Top of DATASET SECTION

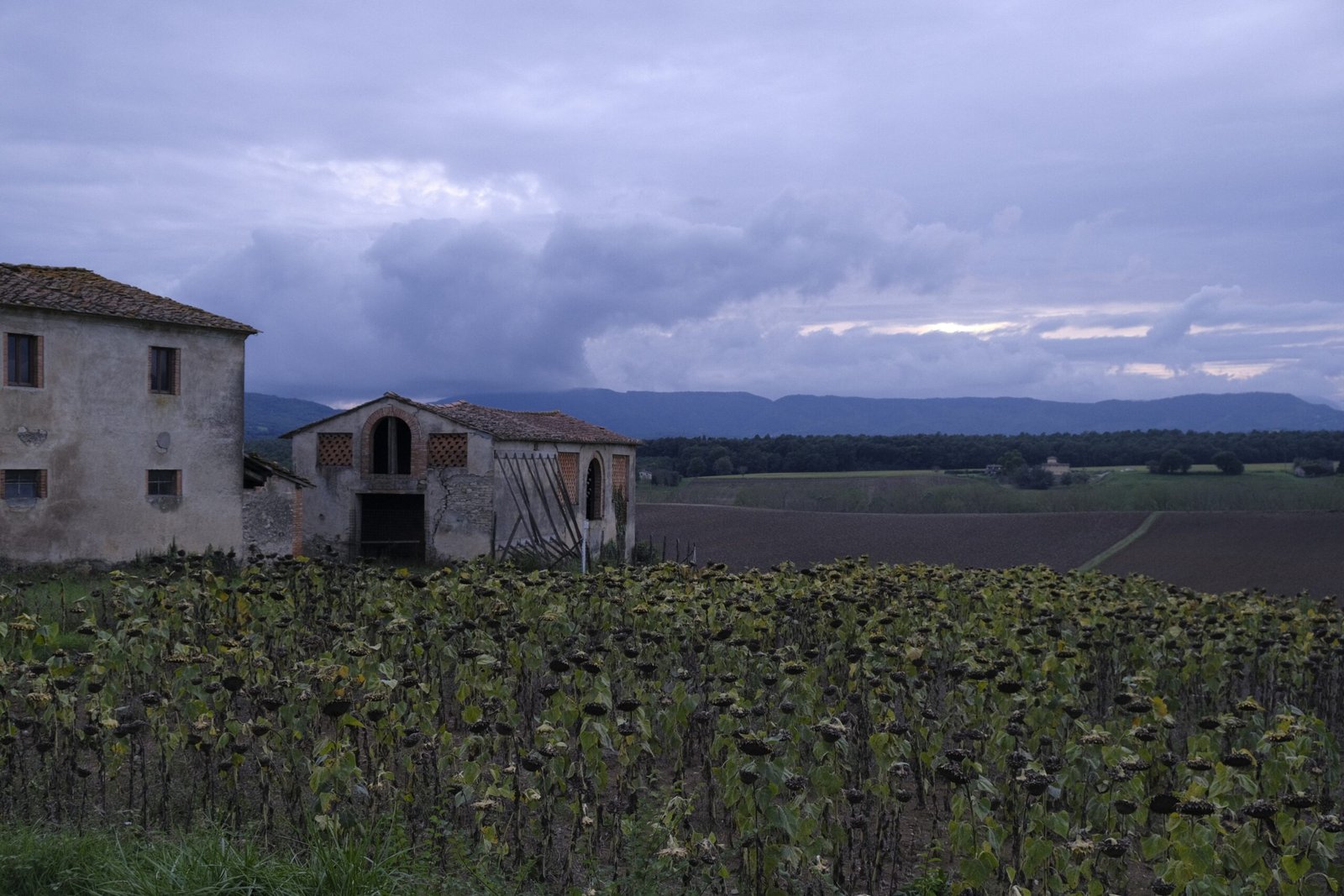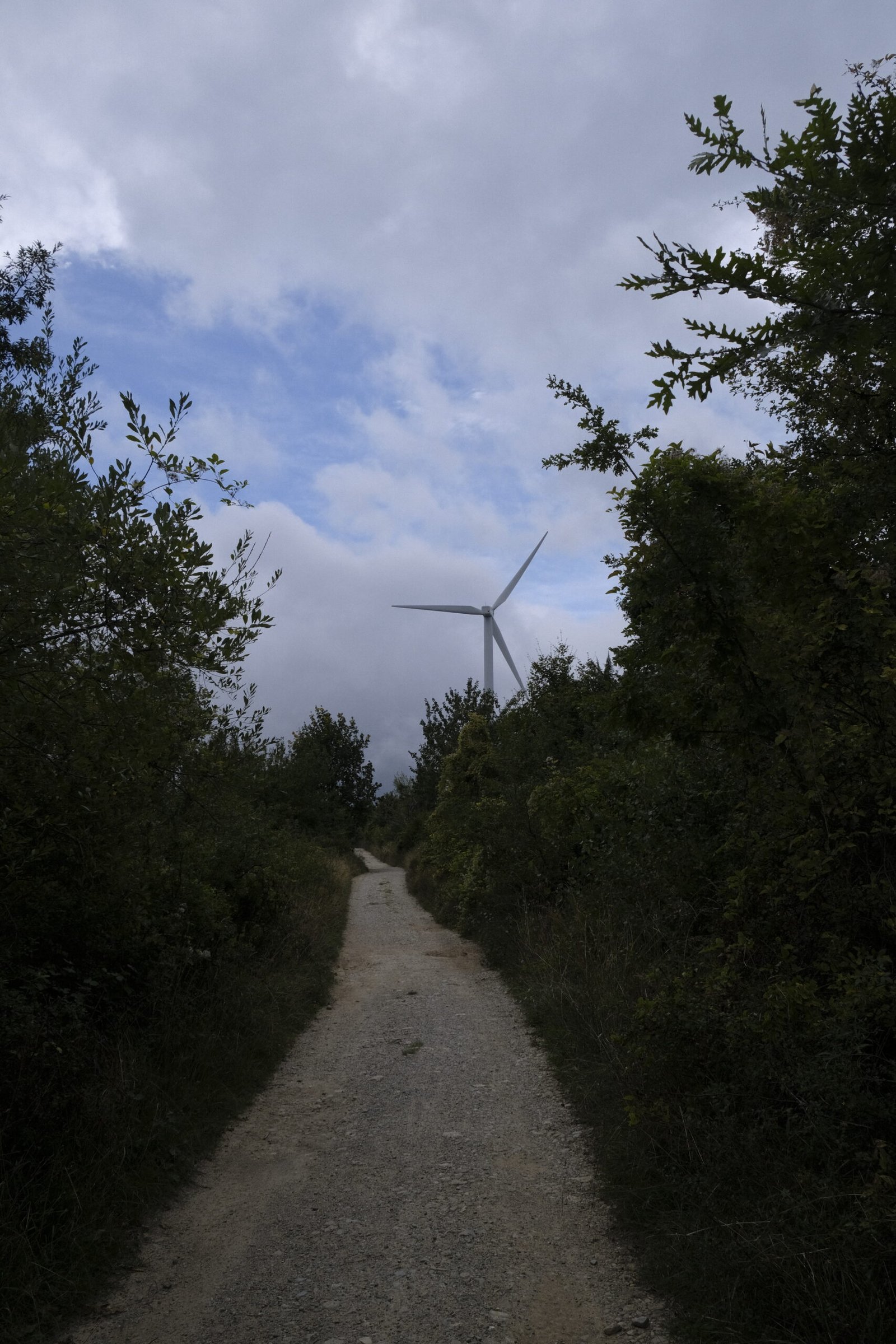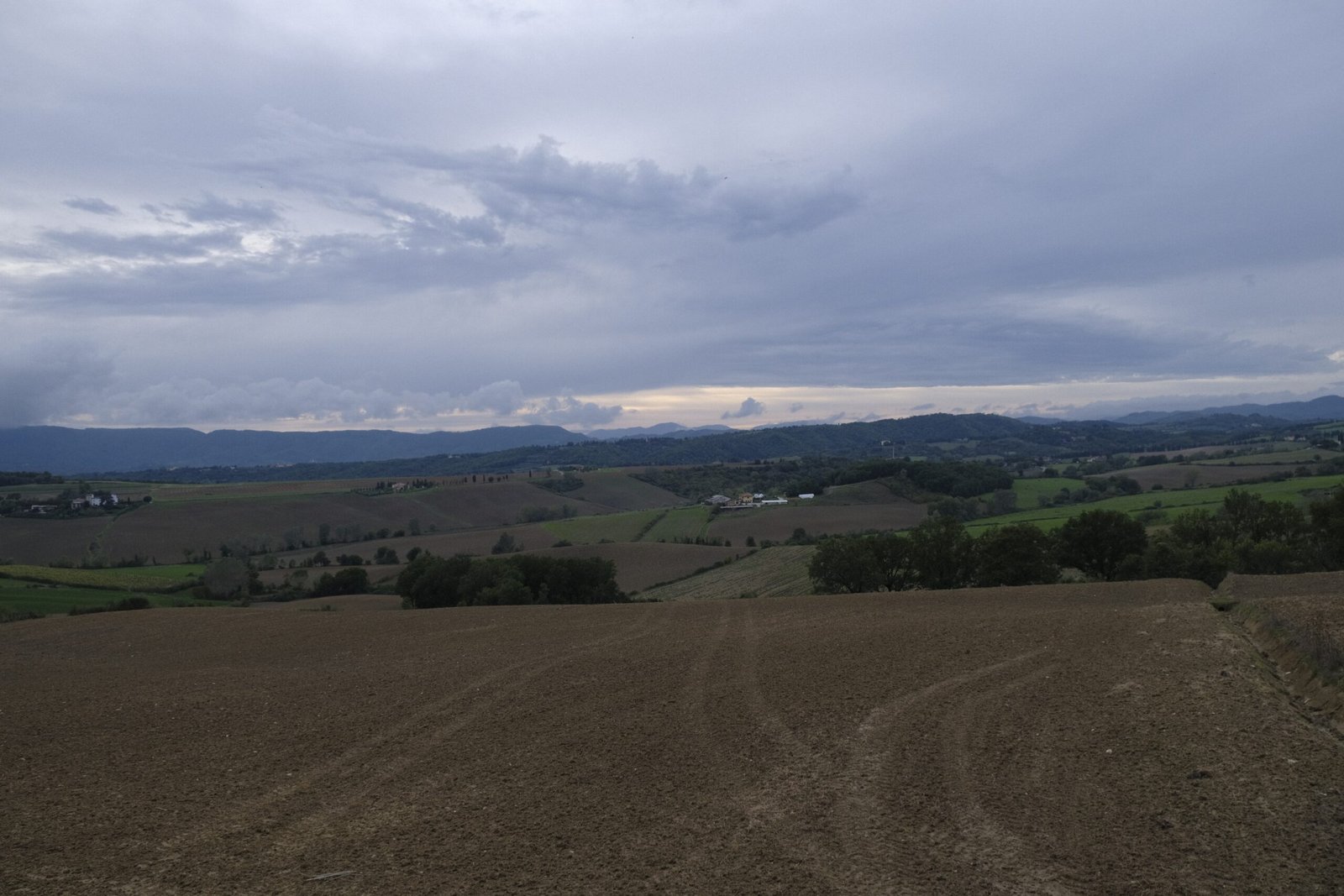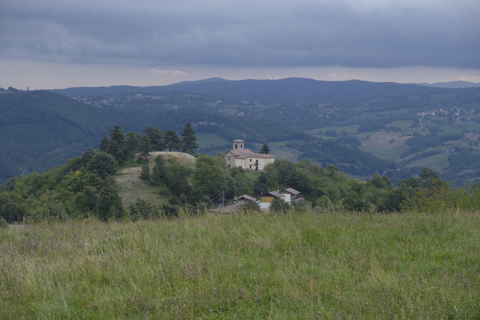 Wir verlassen die kleine Häuseransammlung nach Südwesten. Der Weg windet sich der Hügelkette entlang hinüber zum Monte del Galletto mit seinen aus dieser Perspektive fast schon bedrohlich wirkenden Windrädern. Dass diese bei der Lokalbevölkerung nicht immer auf Gegenliebe stoßen, ist hinlänglich bekannt. Dass sie allerdings an der absolut richtigen Stelle stehen, wird an diesem stürmischen Spätsommertag mehr als deutlich. Der folgende Abstieg bietet eigentlich alles, was das Herz sich von einer Mittelitalien-Reise wünscht. Weite Landschaften, saftige Hügel und verstreute Landgüter und der eine oder andere altertümliche Sakralbau.
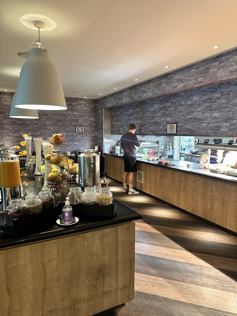 Det ble en urolig natt med lite søvn på de fleste tror jeg. Klokka var satt på 08:00 og det fungerte på et vis. Det ble walisisk frokost på et hyggelig hotell. Terje litt før gutta. Det regnet så vi hadde det ikke travelt med å komme i gang.
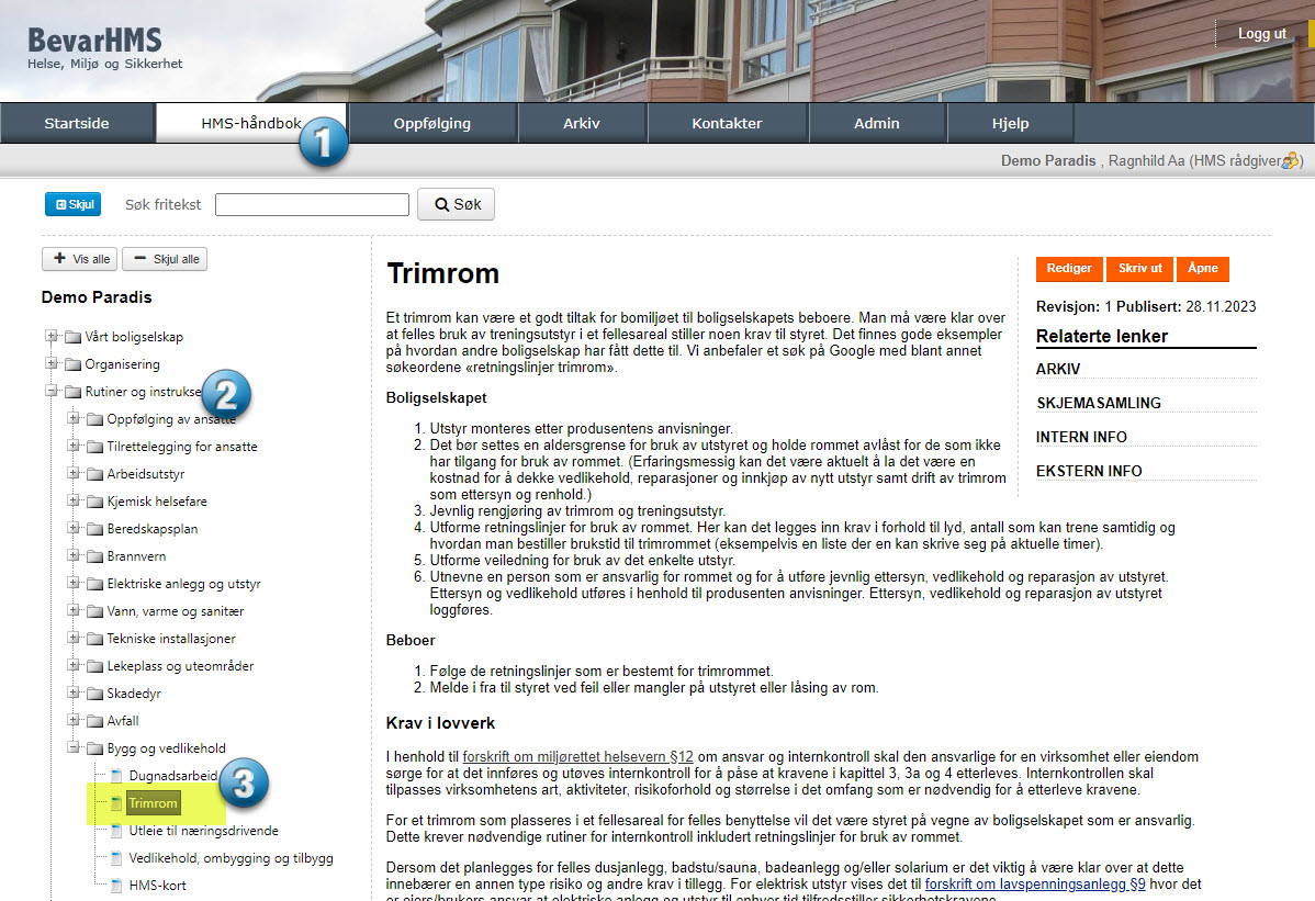 Et trimrom kan være et godt tiltak for bomiljøet til boligselskapets beboere. Det stilles noen krav til styret ved felles bruk av treningsutstyr i et fellesareal. I rutinen "Trimrom" i HMS-håndbok kan du lese mer om hvilke krav som stilles og anbefalte rutiner. Dersom du har kunder som ønsker denne artikkelen vist i HMS-håndbok, så må den aktiveres.
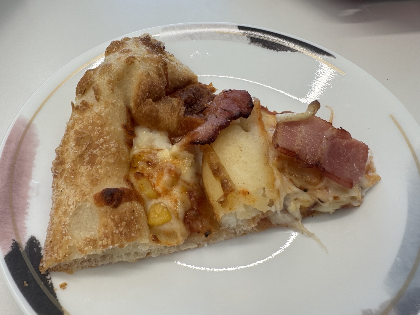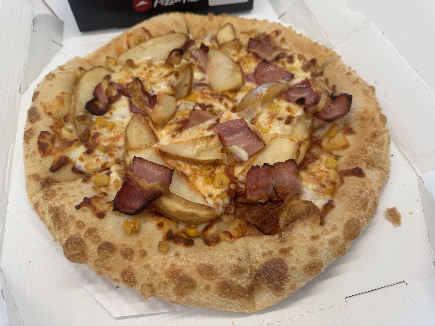 베이컨과 감자, 스위트콘이 토핑으로 올라가 있고 피자헛 특유의 쌀가루가 묻은 도우가 특징입니다.

Bottom of DATASET SECTION

◆ **PROBLEM DETAILS**: Before copying the material, set its pictures aside; then transcribe it word for word.

◆ **ANSWER TO THE EXERCISE**:
 Wir verlassen die kleine Häuseransammlung nach Südwesten. Der Weg windet sich der Hügelkette entlang hinüber zum Monte del Galletto mit seinen aus dieser Perspektive fast schon bedrohlich wirkenden Windrädern. Dass diese bei der Lokalbevölkerung nicht immer auf Gegenliebe stoßen, ist hinlänglich bekannt. Dass sie allerdings an der absolut richtigen Stelle stehen, wird an diesem stürmischen Spätsommertag mehr als deutlich. Der folgende Abstieg bietet eigentlich alles, was das Herz sich von einer Mittelitalien-Reise wünscht. Weite Landschaften, saftige Hügel und verstreute Landgüter und der eine oder andere altertümliche Sakralbau.
 Det ble en urolig natt med lite søvn på de fleste tror jeg. Klokka var satt på 08:00 og det fungerte på et vis. Det ble walisisk frokost på et hyggelig hotell. Terje litt før gutta. Det regnet så vi hadde det ikke travelt med å komme i gang.
 Et trimrom kan være et godt tiltak for bomiljøet til boligselskapets beboere. Det stilles noen krav til styret ved felles bruk av treningsutstyr i et fellesareal. I rutinen "Trimrom" i HMS-håndbok kan du lese mer om hvilke krav som stilles og anbefalte rutiner. Dersom du har kunder som ønsker denne artikkelen vist i HMS-håndbok, så må den aktiveres.
 베이컨과 감자, 스위트콘이 토핑으로 올라가 있고 피자헛 특유의 쌀가루가 묻은 도우가 특징입니다.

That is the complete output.